*Instructions for the task*: No picture should appear in the copy. Transcribe exactly, and only, the lines from the one with "The Elizabeth Tower, commonly" through the last line of the data below.

*Material provided*:

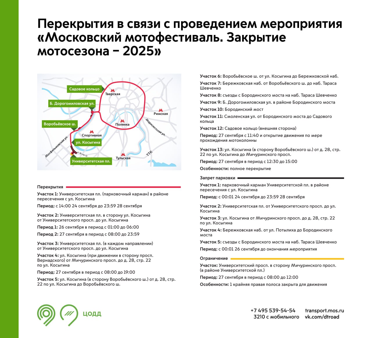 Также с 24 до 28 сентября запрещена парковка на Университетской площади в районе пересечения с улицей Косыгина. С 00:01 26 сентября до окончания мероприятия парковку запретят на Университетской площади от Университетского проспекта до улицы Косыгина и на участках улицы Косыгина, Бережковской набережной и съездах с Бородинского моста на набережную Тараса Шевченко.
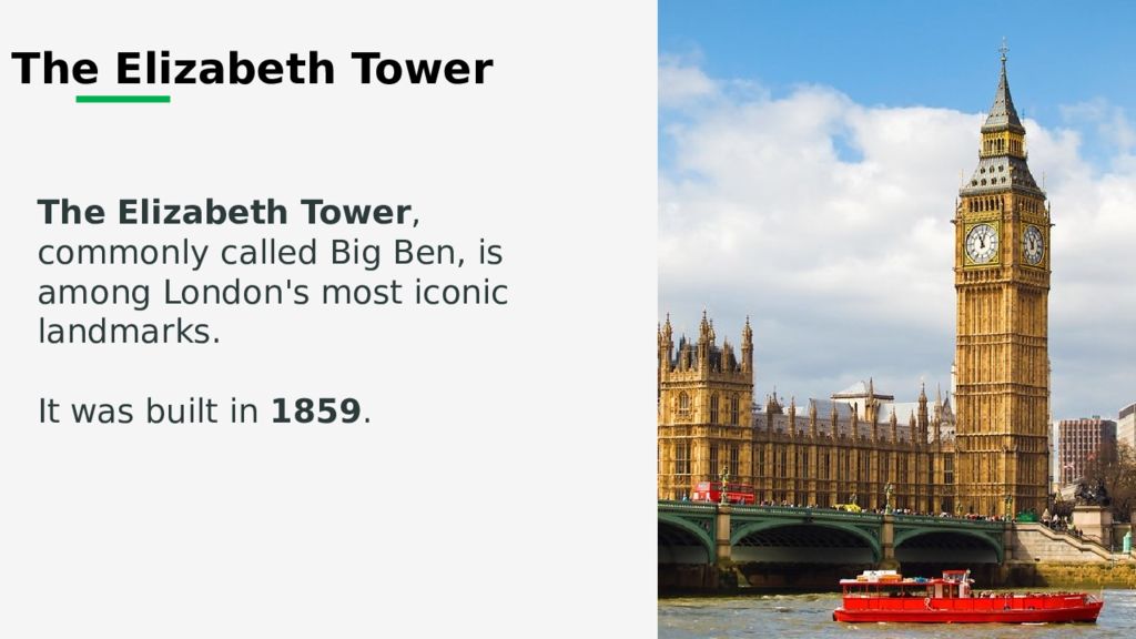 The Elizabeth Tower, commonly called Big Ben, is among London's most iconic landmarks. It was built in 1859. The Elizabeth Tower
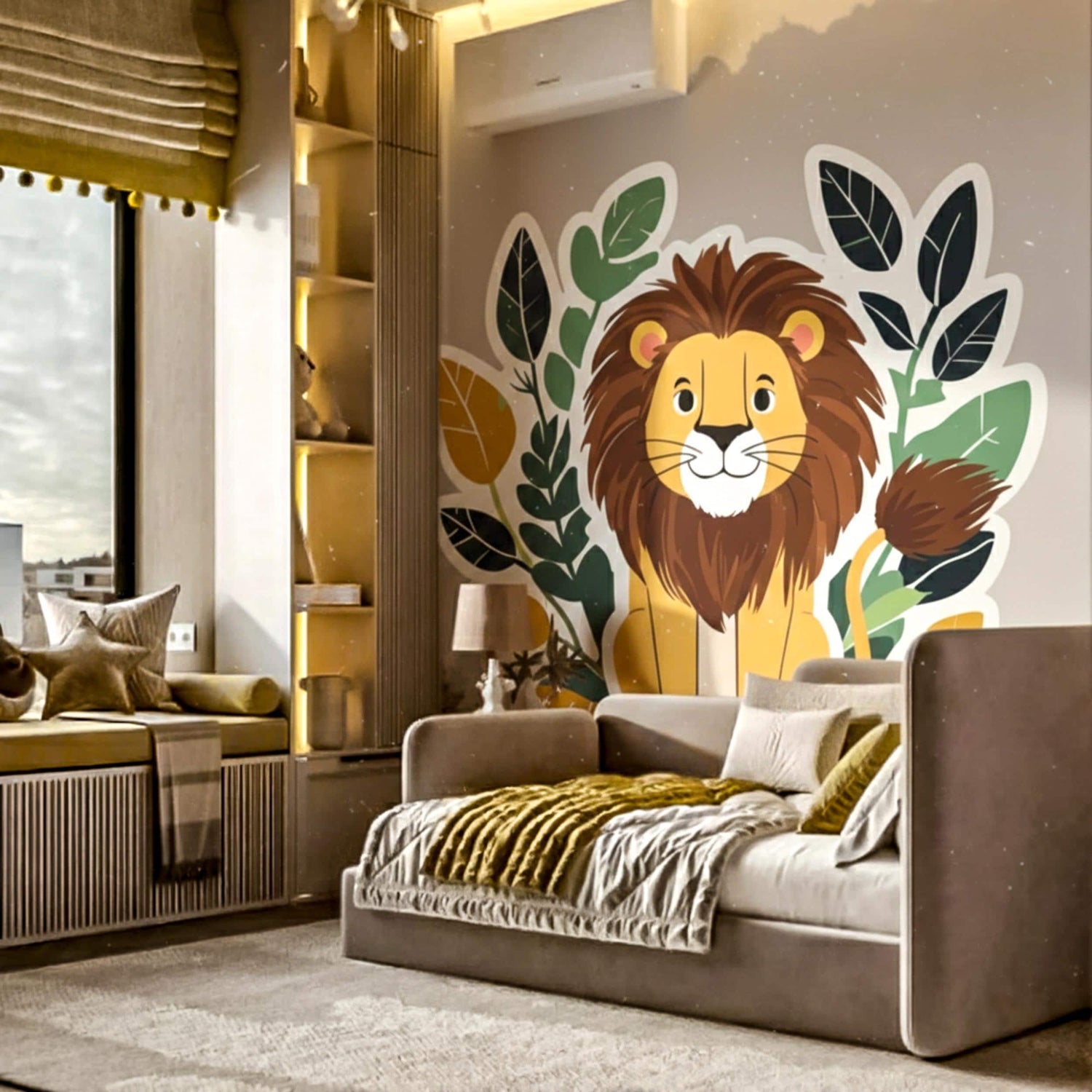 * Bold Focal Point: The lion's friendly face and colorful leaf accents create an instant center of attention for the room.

*Solution for this problem*:
 The Elizabeth Tower, commonly called Big Ben, is among London's most iconic landmarks. It was built in 1859. The Elizabeth Tower
 * Bold Focal Point: The lion's friendly face and colorful leaf accents create an instant center of attention for the room.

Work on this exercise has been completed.